* [Problem requirements]
Repeat only what runs from the line with "sing invincible |" through the last line of the data below, both included, keeping every word as it is and leaving out the pictures.

* [Provided records]

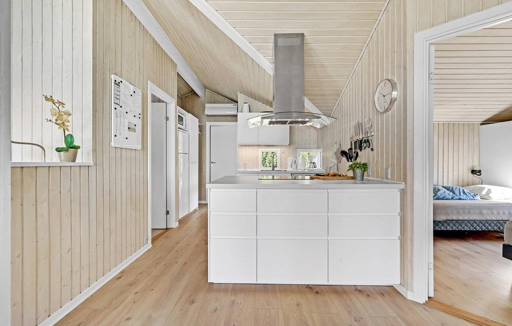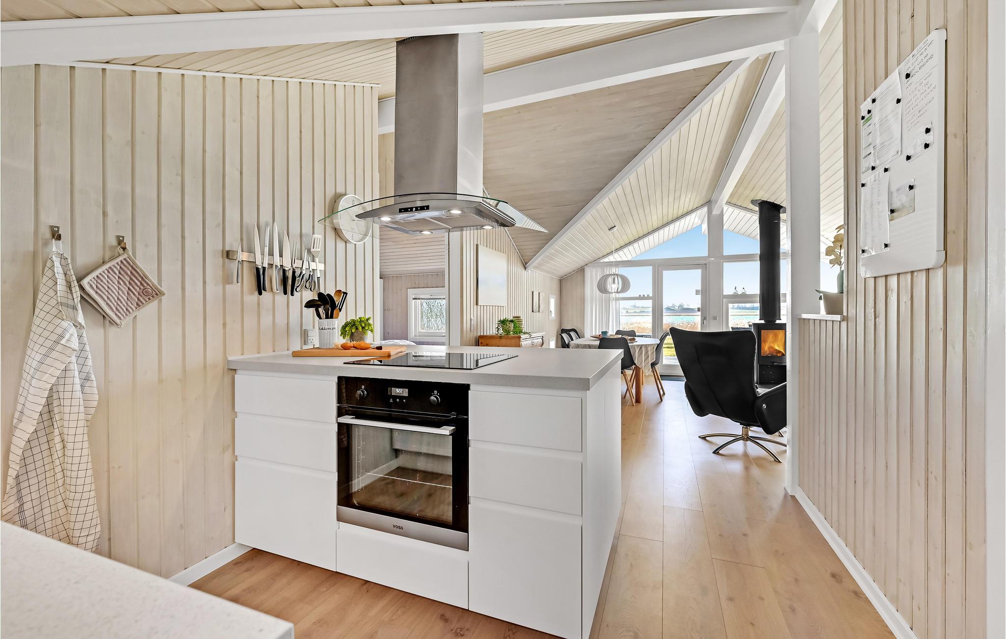 Tilbring en vidunderlig ferie her med en fantastisk udsigt lige ved vandet. Med 3 soveværelser kan feriehuset rumme op til 6 personer. Gennem gulv til loft-vinduerne i stuen kan I nyde et smukt lysindfald og en vidunderlig udsigt over vandet. Gør jer komfortable ved brændeovnen og lyt til de knitrende flammer.
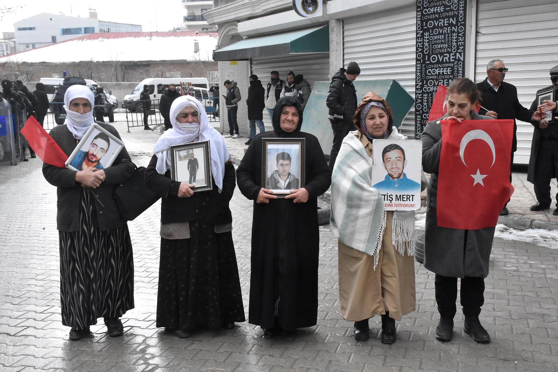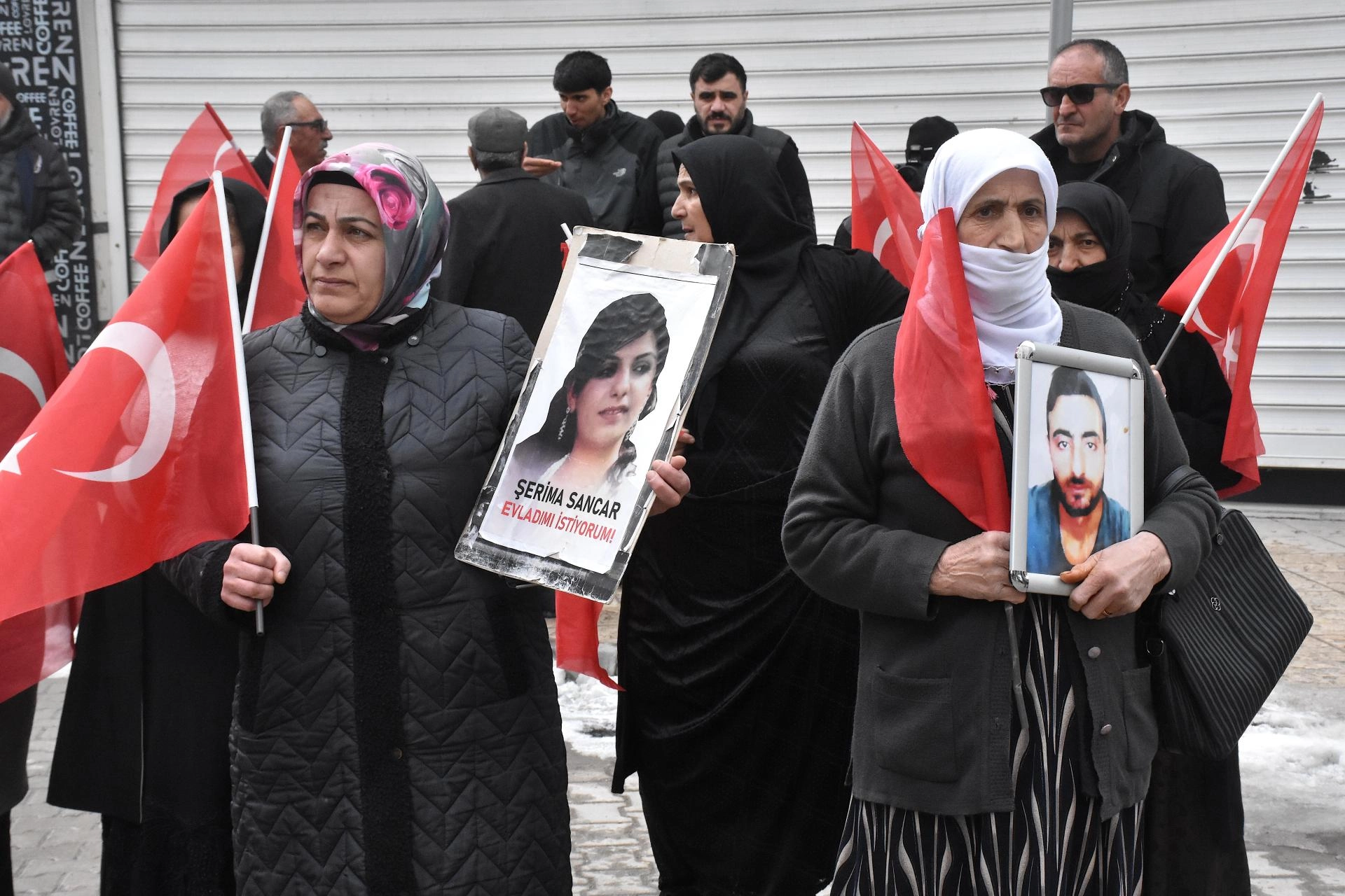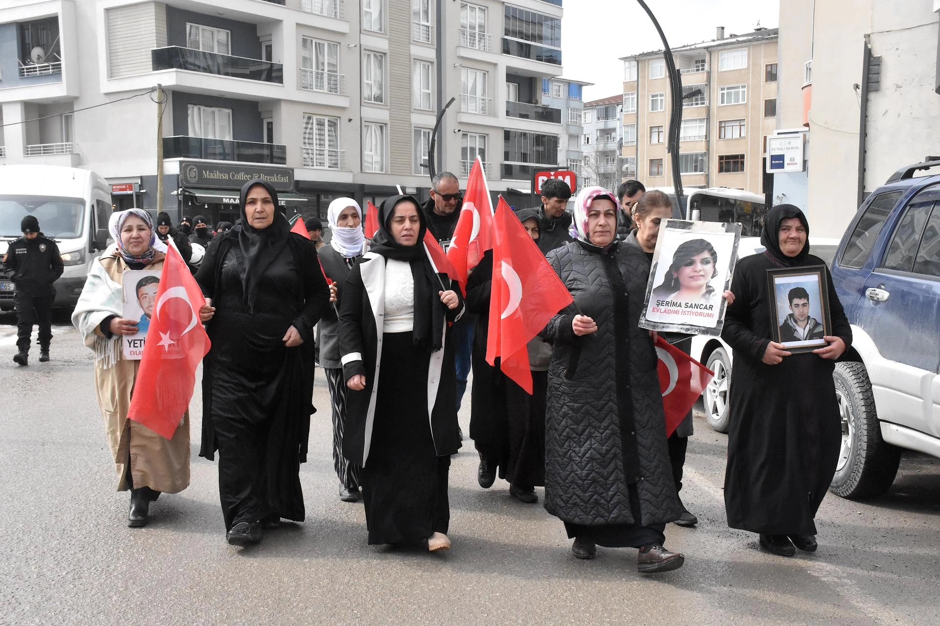Menekşe Sokak'ta bir araya gelen aileler, Türk bayrakları ve evlatlarının fotoğraflarını taşıyarak DEM Parti İl Başkanlığı binası önüne kadar yürüdü.
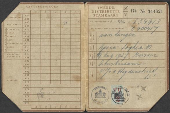 Tweede distributie stamkaart van Lucy Kugler-van Lan...
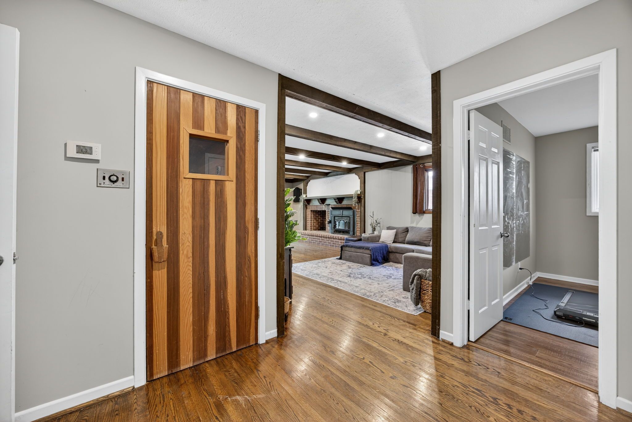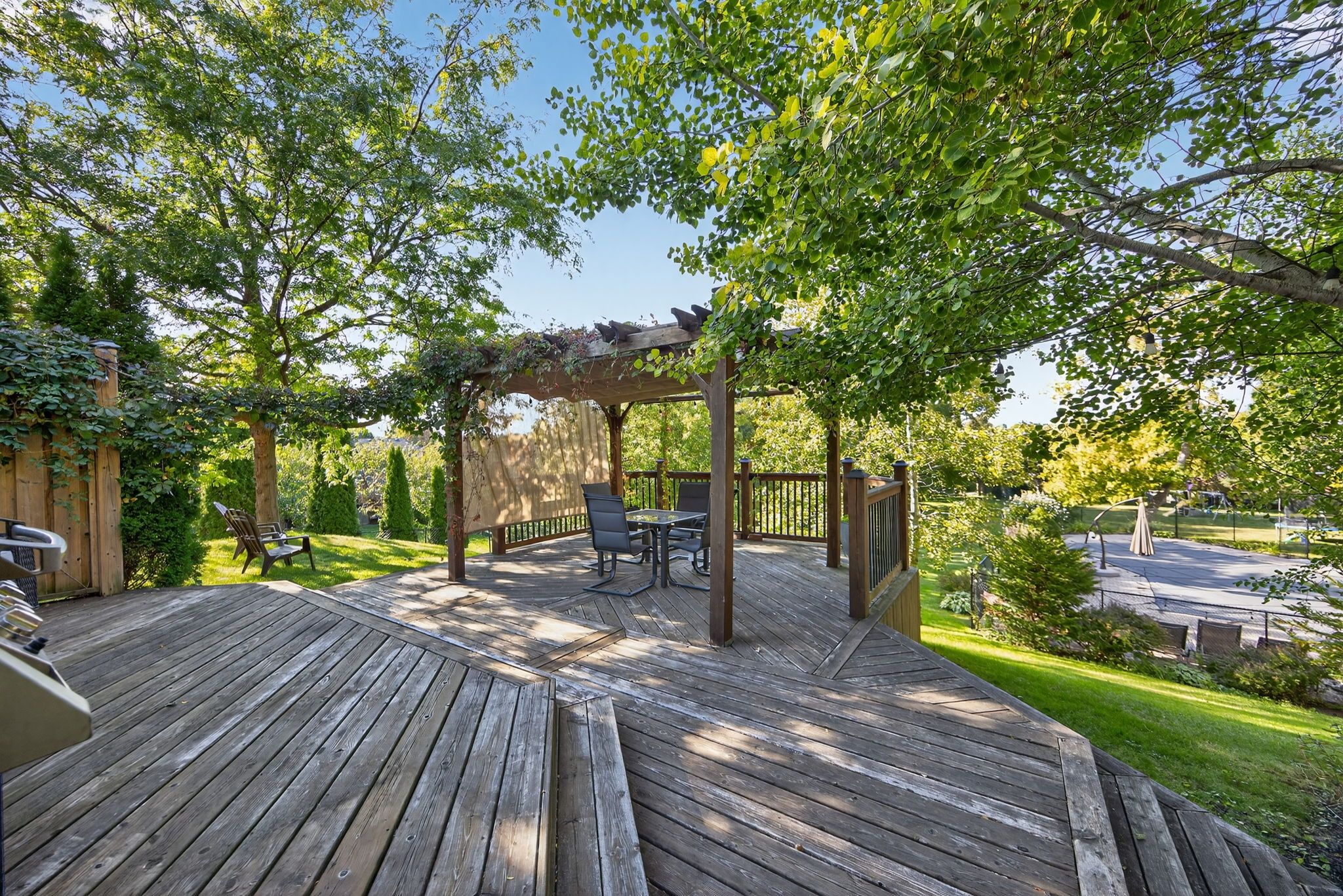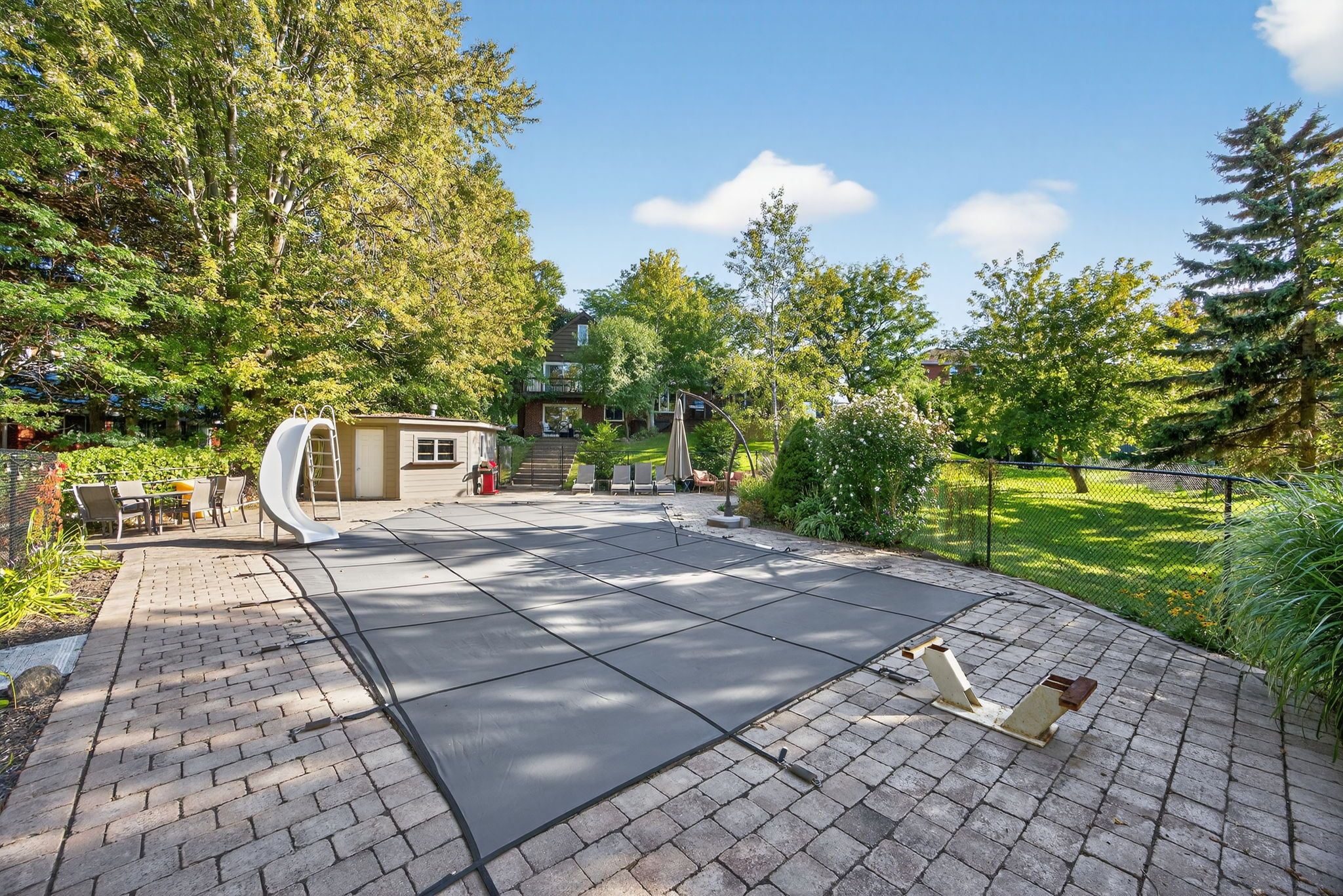 Welcome to one of bradford's most exceptional executive homes, set on a rare 99. 57 x 325 lot - 3/4 of an acre of privacy right in town. This elegant custom 4 + 1 bedroom, 4 level sidesplit offers the space families want with the convenience of being steps to schools & parks, featuring a long private drive, oversized double garage & parking for many vehicles make it perfect for gatherings & multigenerational living. Inside, a bright white eat-in kitchen opens to a spacious dining room with patio doors & a living room featuring oversized window & cozy wood burning fireplace. On the family room level, you'll find a 2nd fireplace alongside a flexible 5th bedroom (currently a gym) & private sauna. A finished basement with garage access, rec room, bathroom & generous storage adds more flexibility. With 5 separate access/entry points, the layout works beautifully for larger families or extended living/nanny/in-laws. Upstairs, the private primary bedroom is a sanctuary, with its own balcony & spa-like ensuite. 3 additional bedrooms are spacious & bright. Outdoors, the backyard feels like a private luxury resort in every season! From the dining room walk out to a pergola with ambient lighting - perfect for summer dinners & evening gatherings. Off the family room, a patio with firepit offers another place to gather. Steps below, the in-ground pool (new heater 2023) with slide & diving board is fully fenced (2023) with a pool house. Behind the garage, a natural toboggan hill adds winter fun, while much of the 325 foot lot stretches out in flat, open land complete with a playset & trampoline. Surrounded by mature trees & perennials, kept lush with inground sprinklers, the property is as functional as it is beautiful. Multiple levels of outdoor living create settings where milestones are celebrated, weekends are well spent & memories are made. Recent updates include new shingles (aug 2025) &furnace (approx. 2022). Truly unique & beautifully maintained - show with confidence
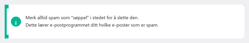 Spamfiltre er bra, men ikke perfekte. Spammere tilpasser stadig teknikkene sine. Ved konsekvent å rapportere spam (ikke bare slette det), trener du filteret bedre.
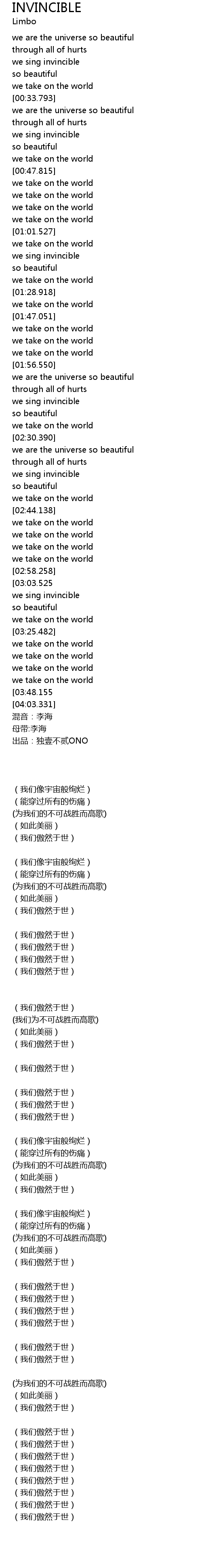 | [00:40.858] | we sing invincible |
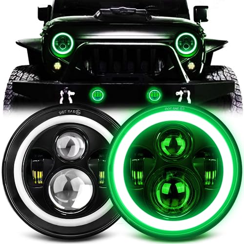 Buy MGLLIGHT 7 Inch Halo LED Headlight with Green DRL Amber Turn Signal Light DOT Approved 7 inch led headlight Compatible with Wrangler Halo Headlights JK TJ LJ CJ,

* [Written response]
 | [00:40.858] | we sing invincible |
 Buy MGLLIGHT 7 Inch Halo LED Headlight with Green DRL Amber Turn Signal Light DOT Approved 7 inch led headlight Compatible with Wrangler Halo Headlights JK TJ LJ CJ,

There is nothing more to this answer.